Several bandwise total variation (TV) regularized low-rank (LR)-based models have been proposed to remove mixed noise in hyperspectral images (HSIs). Conventionally, the rank of LR matrix is approximated using nuclear norm (NN). The NN is defined by adding all singular values together, which is essentially a $L_1$-norm of the singular values. It results in non-negligible approximation errors and thus the resulting matrix estimator can be significantly biased. Moreover, these bandwise TV-based methods exploit the spatial information in a separate manner. To cope with these problems, we propose a spatial-spectral TV (SSTV) regularized non-convex local LR matrix approximation (NonLLRTV) method to remove mixed noise in HSIs. From one aspect, local LR of HSIs is formulated using a non-convex $L_{\gamma}$-norm, which provides a closer approximation to the matrix rank than the traditional NN. From another aspect, HSIs are assumed to be piecewisely smooth in the global spatial domain. The TV regularization is effective in preserving the smoothness and removing Gaussian noise. These facts inspire the integration of the NonLLR with TV regularization. To address the limitations of bandwise TV, we use the SSTV regularization to simultaneously consider global spatial structure and spectral correlation of neighboring bands. Experiment results indicate that the use of local non-convex penalty and global SSTV can boost the preserving of spatial piecewise smoothness and overall structural information.

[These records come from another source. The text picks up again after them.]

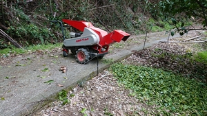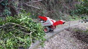 この機械は、枝なんかを粉々にしてくれる機械です。写真の中で機械の手前に写っている枝の集まりもこの機械にかけると下の写真のように粉々になってしまいます。
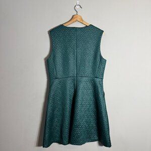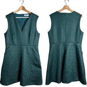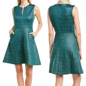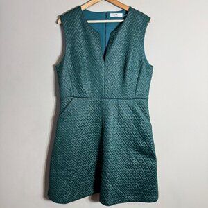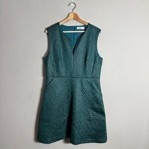Natori Lustrous Textured Quilted Fit & Flare Dress Womens 12 Green Cocktail NWOT
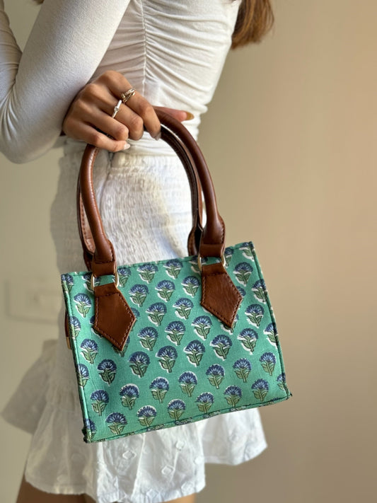 Mini Green Handblock Printed Tote Sling Bag
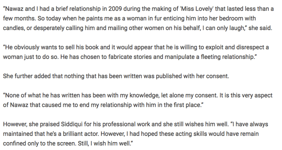 I have gone through several autobiographies by film stars in India and nobody has ever disrespected a woman like the way Nawaz has done to Niharika Singh.
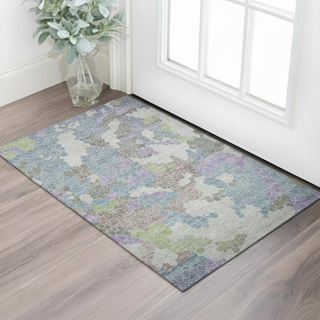 Set an inviting tone in your space with this 3-foot x 5-foot blue green and lavender geometric washable area rug with uv protection. Ideal for spaces with kids and pets, this rug is stain resistant to help repel dirt and spilled liquids. Built to last, this rug crafted from polyester fibers is known for its durability and long lasting appeal. Rugs are a great way to showcase your style, hide imperfections, warm your home and reduce noise. This smaller sized, transitional styled rug is just what you need for your walkway, bedside, in front of door, cabinet, refrigerator, or chair. 36.00-inch h x 60.00-inch w x 0.39-inch d.
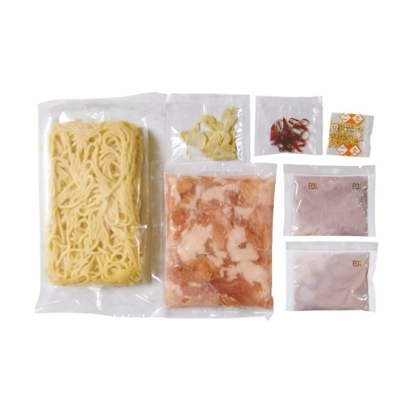 | 内容 | 牛もつ肉(国内産)(約100g)・ちゃんぽん麺(約180g)・にんにく(約3g)・唐辛子(約0.5g)・白ごま(約0.7g)×各1、もつ鍋用濃縮とんこつスープ(約36g)×2 |
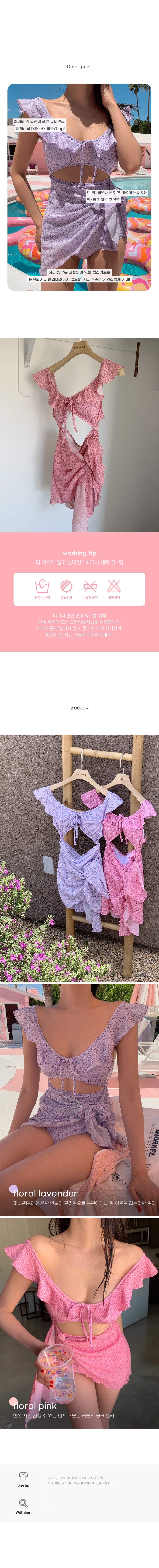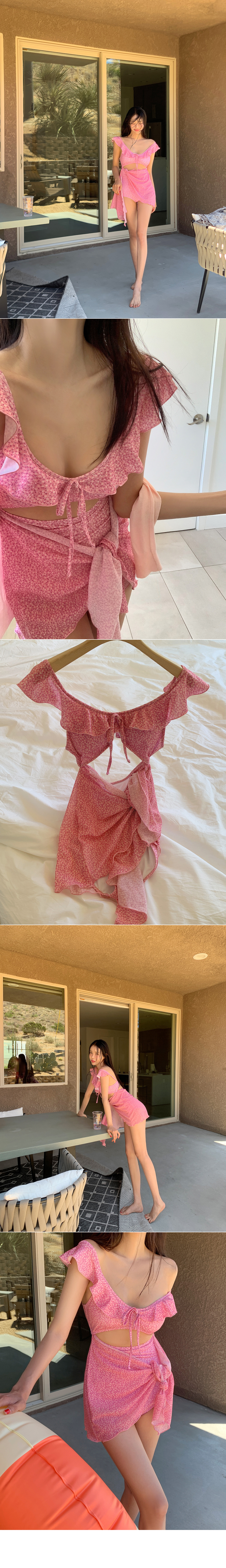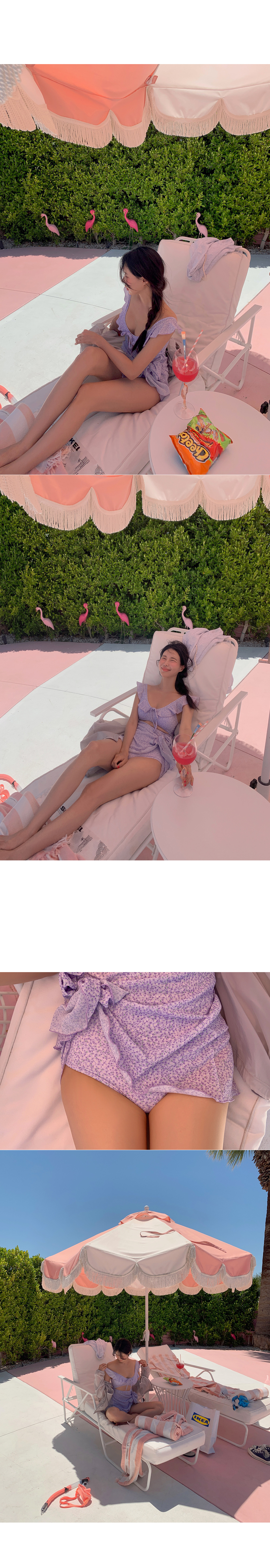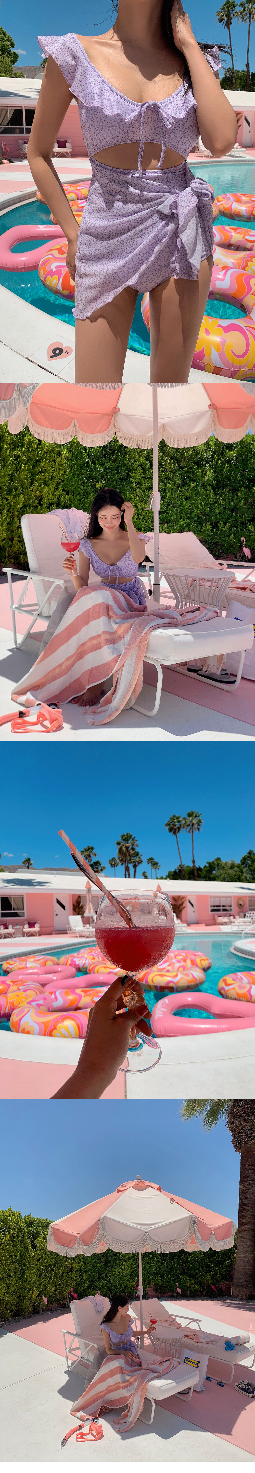 랩스커트로 부담 없이 입어지는 모코아일랜드 러블리 모노키니♡ 어깨와 넥 라인 프릴 디테일로 사랑스러움까지 돋보여요:)

Tensor completion using enhanced multiple modes low-rank prior and total variation

In this paper, we propose a novel model to recover a low-rank tensor by simultaneously performing double nuclear norm regularized low-rank matrix factorizations to the all-mode matricizations of the underlying tensor. An block successive upper-bound minimization algorithm is applied to solve the model. Subsequence convergence of our algorithm can be established, and our algorithm converges to the coordinate-wise minimizers in some mild conditions. Several experiments on three types of public data sets show that our algorithm can recover a variety of low-rank tensors from significantly fewer samples than the other testing tensor completion methods.